Что сделало божество? Почему она вернулась в таком состоянии?

Он доводит Цинъюй до ее дворика – сегодня это сделать намного проще – и осторожно помогает сесть на камни у горячего источника. Что-то подсказывает, что несколько последних шагов до дверей она уже может не сделать. Цинъюй несколько раз тяжело выдыхает и прерывисто втягивает воздух, словно никак не может наполнить грудь. Байцзин касается ее плеча, на ощупь спускается пальцами вниз по предплечью, по запястью и сжимает непривычно холодную ладонь.

Он не слышит ее мыслей. Даже когда пытается. Словно в голове Цинъюй сейчас пустота, такая же, как упорно норовит развернуться внутри него. Цинъюй чувствовала себя так же, когда он вчера появился в ее покоях? Ту же тревогу, то же желание выцарапать и вынуть обнаженное сердце – в его случае неважно какое, хоть оба разом?

– Я не приняла сердце, – вдруг произносит Цинъюй хрипло. – Я его уничтожила.

И начинает говорить. Слова льются ровно, негромко, будто она пересказывает чужую историю, периодически останавливаясь, чтобы перевести дыхание. Но Байцзин слышит то, что скрыто между строк: боль, решимость, холодную ясность выбора. И жуткую истину, которая прошивает его тысячью крошечных отравленных игл.

От того, что он узнает, мир не рушится. Но обретает другие очертания, пугающе острые и ясные. Алое море, величайшее бедствие всех времен, то, с чем он сражался, то, от чего погибли воины, шедшие с ним в бой плечом к плечу, – создание богов. Тех самых богов, на которых уповают люди, богов, которым все еще поклоняются в наивной надежде, что они снизойдут защитить.

Защитить от кого? От них же?

Но Байцзин этому почти не удивляется.

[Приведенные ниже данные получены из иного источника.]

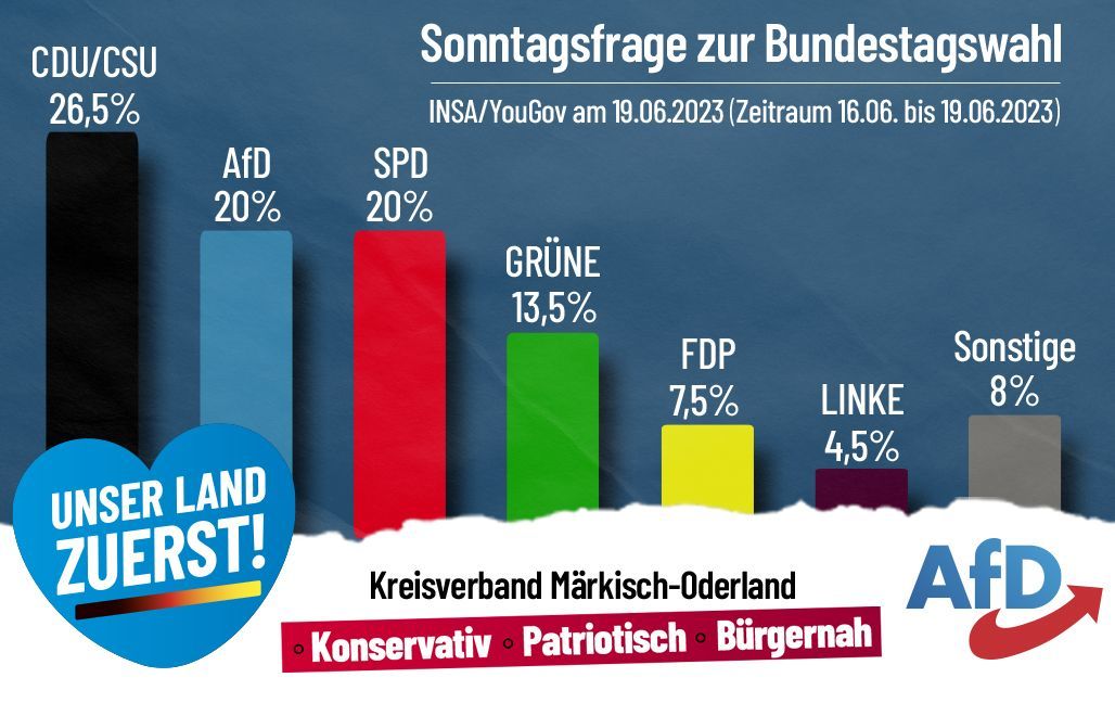Bei der aktuellen Umfrage des Meinungsforschungsinstituts INSA/YouGov zur Bundestagswahl legt die AfD erneut einen Prozentpunkt zu (Stand 19.06.2023).

Он всегда, с самого детства слушал от многочисленных наставников, что боги – всего лишь чудовища, которым полагается умереть. Что они не нужны, потому что бесполезны, что отнять их жизни – величайшая честь, вложенная в руки избранных. А вот другое – причина, по которой Цинъюй не приняла сердце, – поражает его подобно раскату грома.

Их миссия, все, чему Байцзина учили… Все было ложью с самого начала. Ложью, о которой никто не знает. Избранные убивают богов и, умерев, сами же ими становятся. Бесконечный круг. Повторяющийся цикл. Цинъюй, цитируя слова божества познания, называет его колесом, разбрасывающим грязь и камни, давящим и перемалывающим в пыль все на своем пути. Какое безжалостное и точное сравнение.

Выходит, пытаясь спасти мир, они делают только хуже?

– Значит, ты… отдашь ядру красную кровь? – спрашивает Байцзин, когда Цинъюй заканчивает.

– Я не знаю, что из этого выйдет, – признается Цинъюй. – Но надеюсь, что он не соврал.

– Разве нам не нужно рассказать об этом во всеуслышание?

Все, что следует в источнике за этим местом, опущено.